Hello Everybody. This is Cyrus Mehta. Welcome to this week’s edition of immigration matters.
In today’s segment, I want to inform you about two developments – one good, the other not so good. 7th Year H-1B Extension
Let’s start with the good news. There is a bill pending in Congress, the 21st Century Department of Justice Appropriations Authorization Act, which has already been passed by the House and has just been passed by the Senate. This bill contains several immigration provisions. The most interesting is a provision that amends Section 106(a) of the American Competitiveness in the Twenty-First Century Act of 2000, known as AC21. This provision would allow an H-1B nonimmigrant to file for a 7th year extension provided that a labor certification or an immigrant visa petition has been filed on behalf of the nonimmigrant for more than 365 days.
The H-1B visa is valid for only 6 years. Since labor certification applications, the first step in the green card process, are backlogged, many do not expect to see progress on their green card applications before the 6th year.
The earlier AC21 legislation also provided for a 7th year extension under limited circumstances. In AC21, the extension could only be filed if both a labor certification and an immigrant visa petition had been filed before the end of the 6th year.
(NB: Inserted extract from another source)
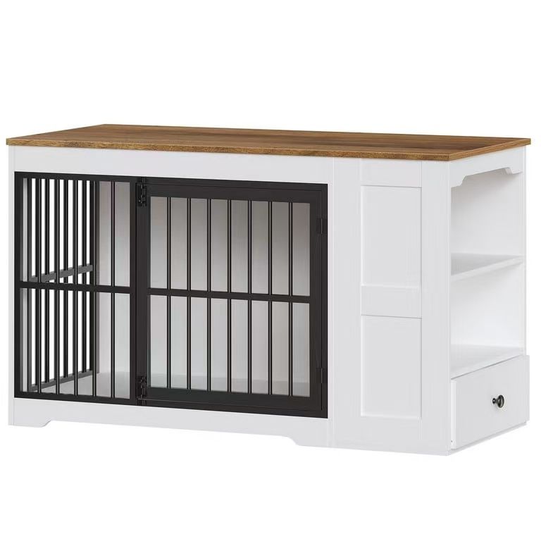 Dog Crate Furniture, 47.2” Dog Kennel Indoor with Storage Shelf and Feeding Bowls, Wooden Dog Kennel Furniture for Medium Large Dogs, White, Walnut and Black $70

In most cases, it is impossible to file an immigrant visa petition unless the labor certification application has been approved. Due to the delays in the labor certification process, the AC21 provision has become virtually defunct.
The new provision would allow one to file for a 7th year extension of the H-1B visa if a labor certification were filed 365 days earlier and is still pending without regard to the ability to file an immigrant petition also. This provision would also allow those who left the US because of the 6-year limit to have a new H-1B petition approved and be able to return from abroad with a new visa or otherwise re-obtain H-1B status. Special Alien Registration Program
Let me now highlight another development. As of September 11, 2002, the INS initiated a Special Alien Registration program to register nonimmigrants who are citizens or nationals of countries with significant Muslim population. Not only do they have to get photographed and fingerprinted when they enter the US at an airport, but they also have to report after 30 days, as well as one year later, upon their arrival in the US. At the time of departure from the US, they also have to report to an INS authority at certain designated airports or ports of departure. Failure to comply with any registration requirements would result in their names being put in a national criminal database and also render them subject to deportation. At present, the Special Registration rule only applies to nationals of citizens of Iran, Iraq, Sudan, Libya and Syria.
However, the Justice Department has recently issued a memo indicating that citizens or nationals of Pakistan, Saudi Arabia and Yemen who are males between 16 and 45 years of age would also need to be subject to registration. Furthermore, registration would apply to any nonimmigrant who has made unexplained trips to Iran, Iraq, Libya, Sudan, North Korea, Cuba, Afghanistan, Yemen, Egypt, Somalia, Pakistan, Indonesia, or Malaysia. It would also apply to other nonimmigrants who meet pre-existing criteria, especially if the individual’s presence in the US warrants monitoring in the interest of national security, which would include an assessment of the person’s behavior, demeanor and answers to questions.
A system that brands all members of a particular nationality as suspect does not really improve the nation’s security. It makes more sense to screen visa applicants overseas at the American embassy, which is already happening rather extensively in certain countries. Implementing a Special Alien Registration program for all citizens or nationals of targetted countries will only jeopardize America’s relation with that country over the long run. It will also deter people from entering the US who would otherwise enhance the country through tourism, study, business or investment.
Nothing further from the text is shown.